▶ _INSTRUCTIONS TO FOLLOW_:
What is needed is an exact transcription of the listing, with the images removed.

▶ _RECORDED INFORMATION_:
★ ★ ★ ★

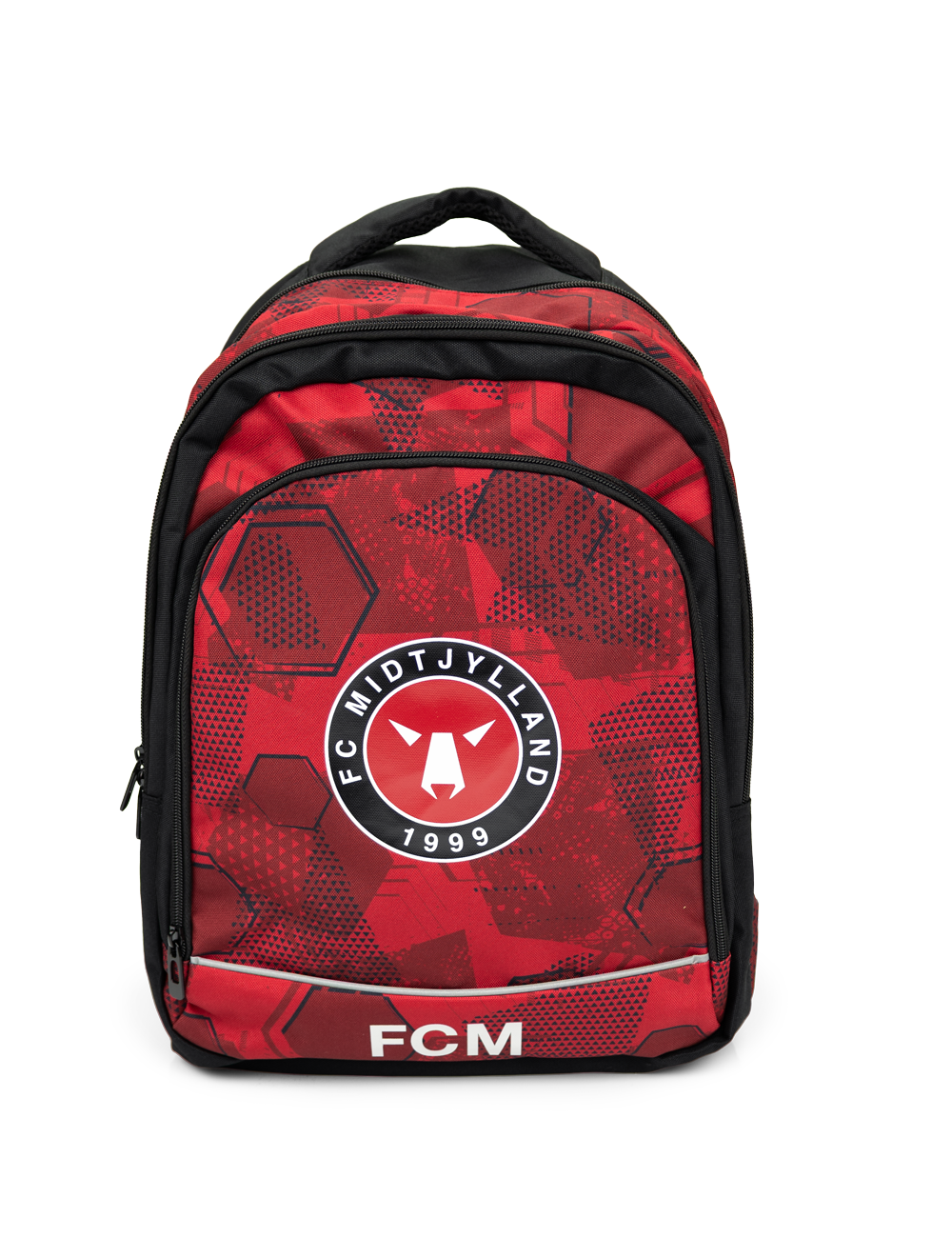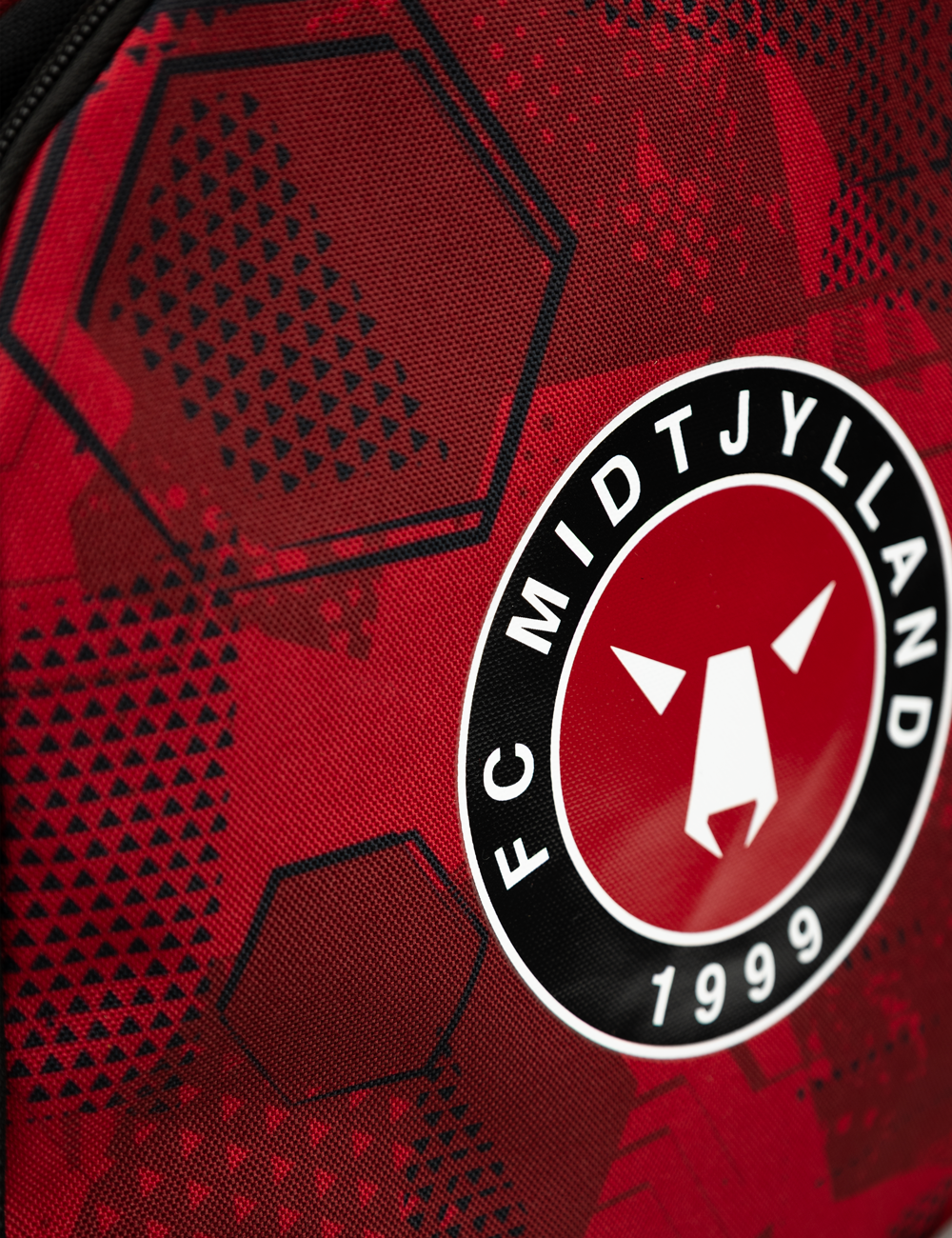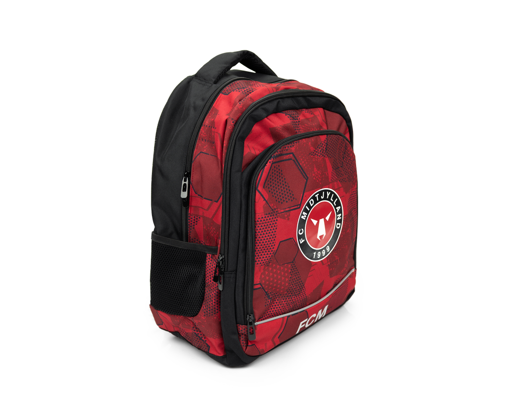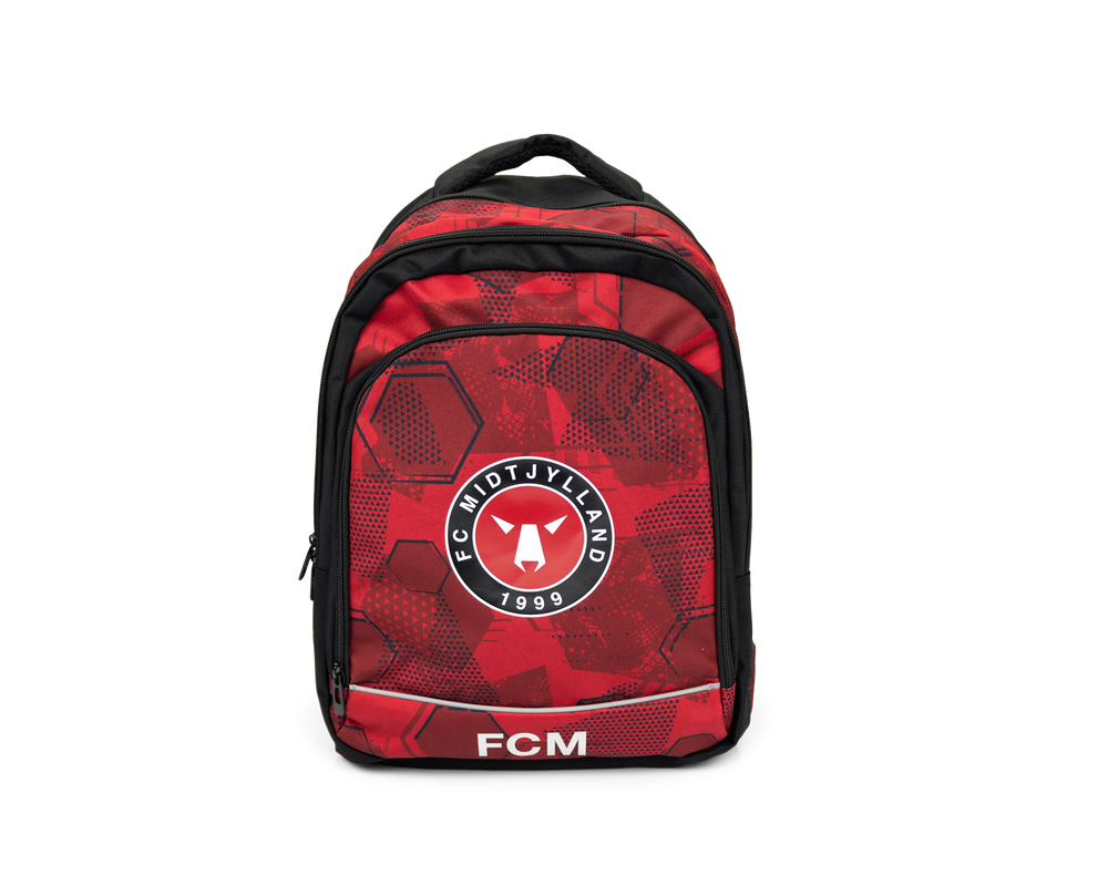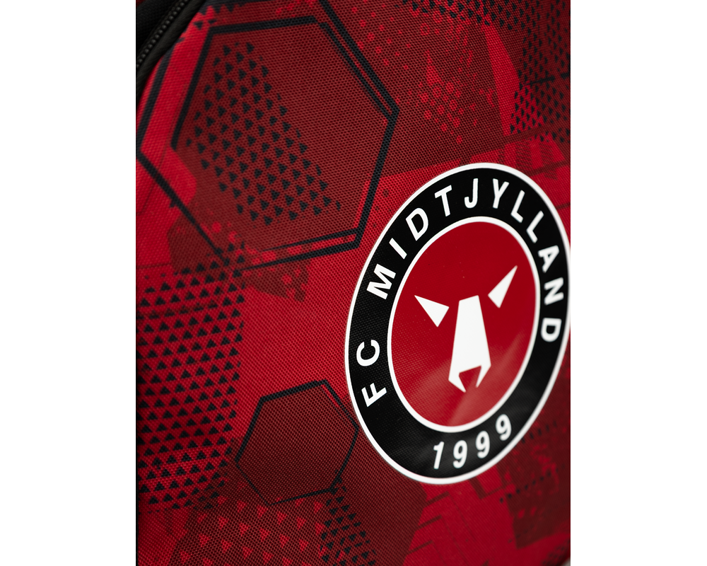 Start skoledagen med FCM-stil! Denne FC Midtjylland skoletaske har et moderne rød/sort mønster med stort logo på fronten. Tasken har god plads til bøger, penalhus og madpakke, samt polstrede stropper og ryg for ekstra komfort.
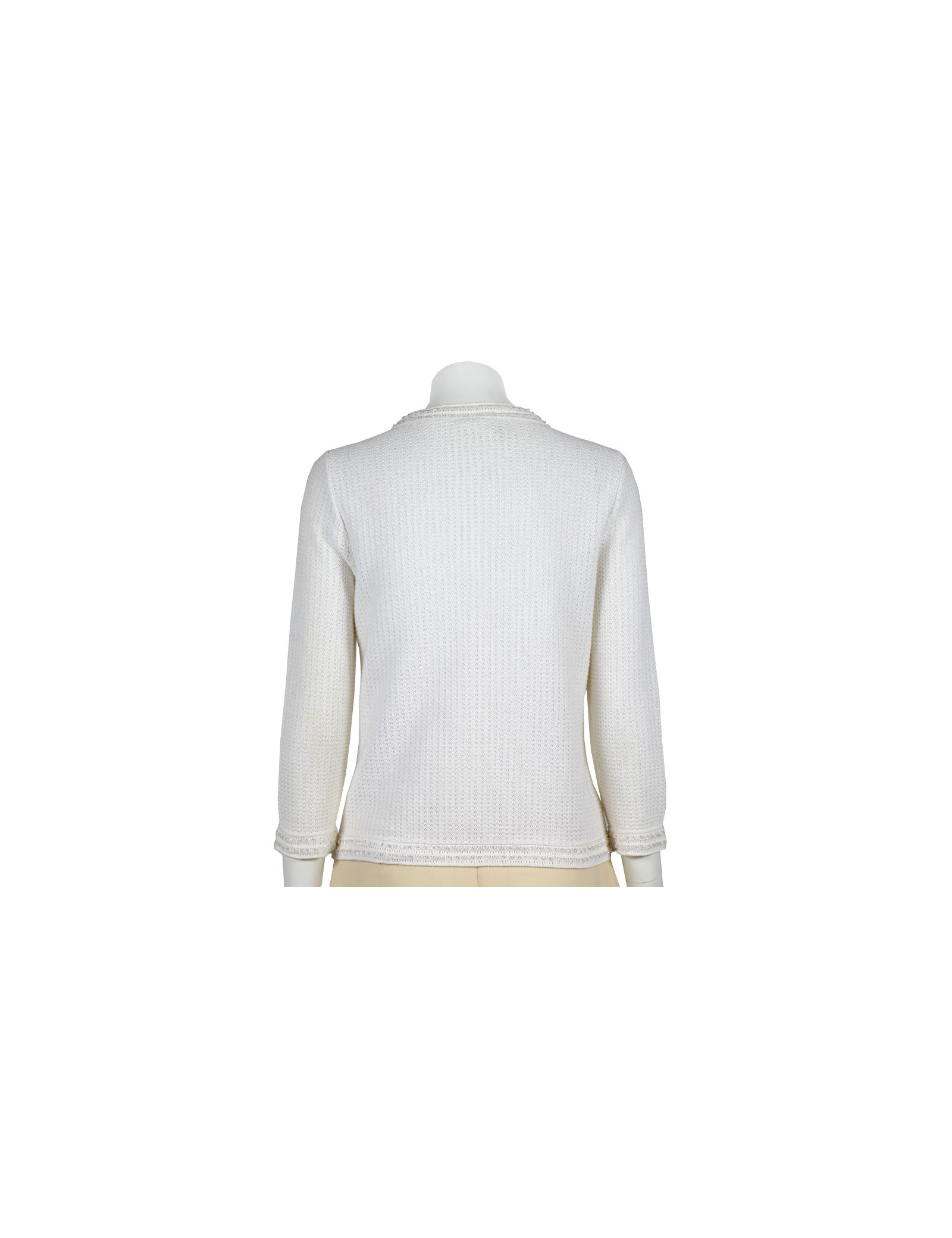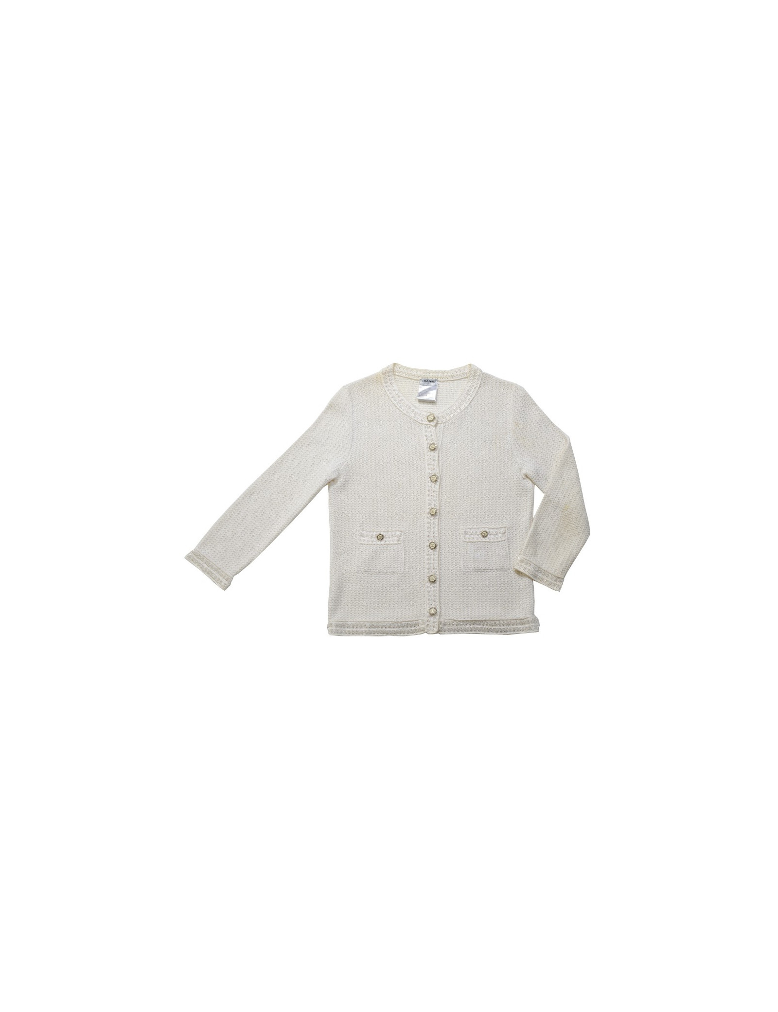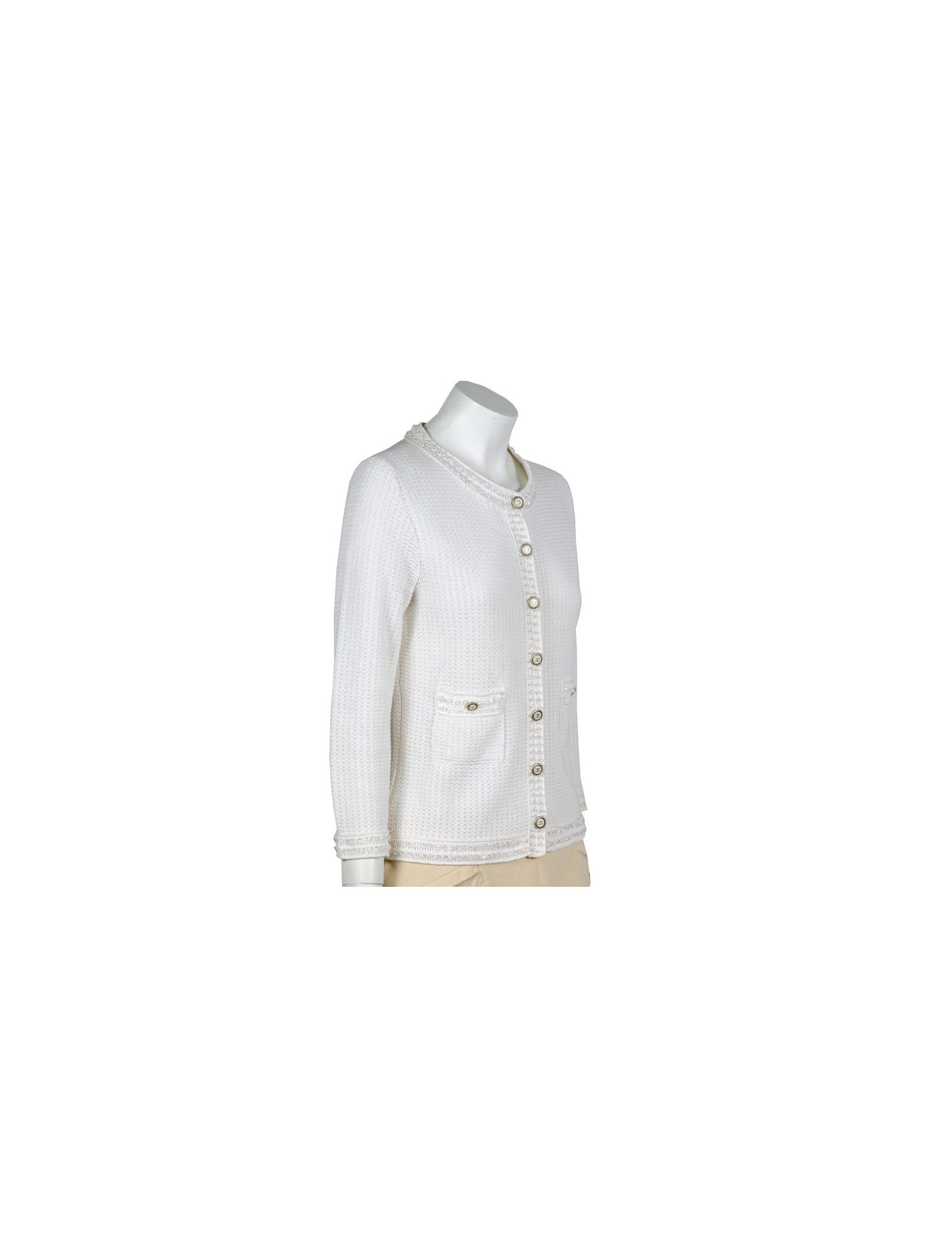Lovely Chanel jacket, size 38, from ready-to-wear fall 2007, in unbleached cotton with a lizeret sewn by two rows of transparent beads. The buttons are interspersed beige and a double C Center. There are two pockets on the front. In very good condition.
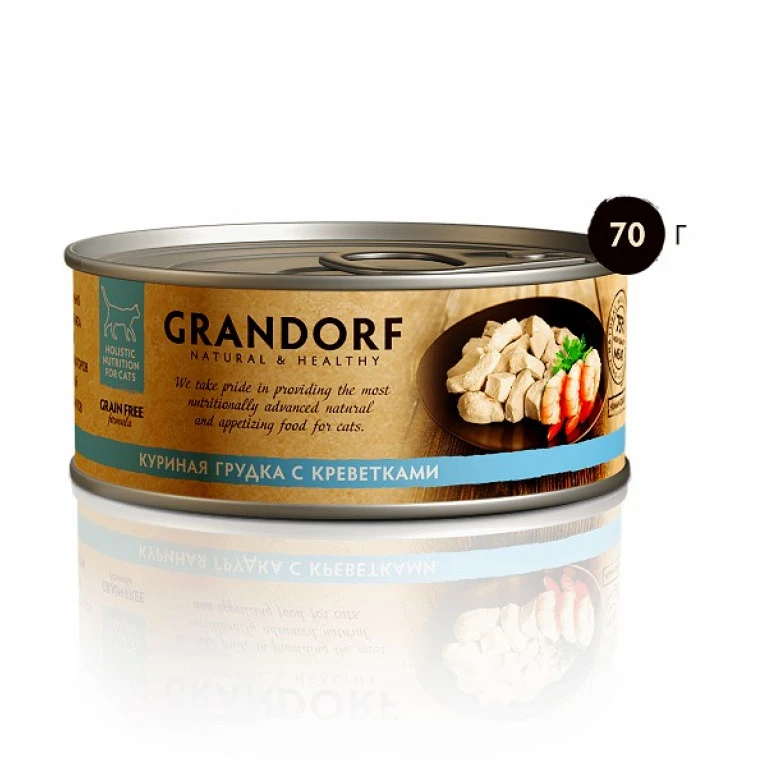 75 % мяса в составе (60 % куриная грудка, 15 % креветки).

★ ★ ★ ★

▶ _EXERCISE ANSWER_:
 Start skoledagen med FCM-stil! Denne FC Midtjylland skoletaske har et moderne rød/sort mønster med stort logo på fronten. Tasken har god plads til bøger, penalhus og madpakke, samt polstrede stropper og ryg for ekstra komfort.
Lovely Chanel jacket, size 38, from ready-to-wear fall 2007, in unbleached cotton with a lizeret sewn by two rows of transparent beads. The buttons are interspersed beige and a double C Center. There are two pockets on the front. In very good condition.
 75 % мяса в составе (60 % куриная грудка, 15 % креветки).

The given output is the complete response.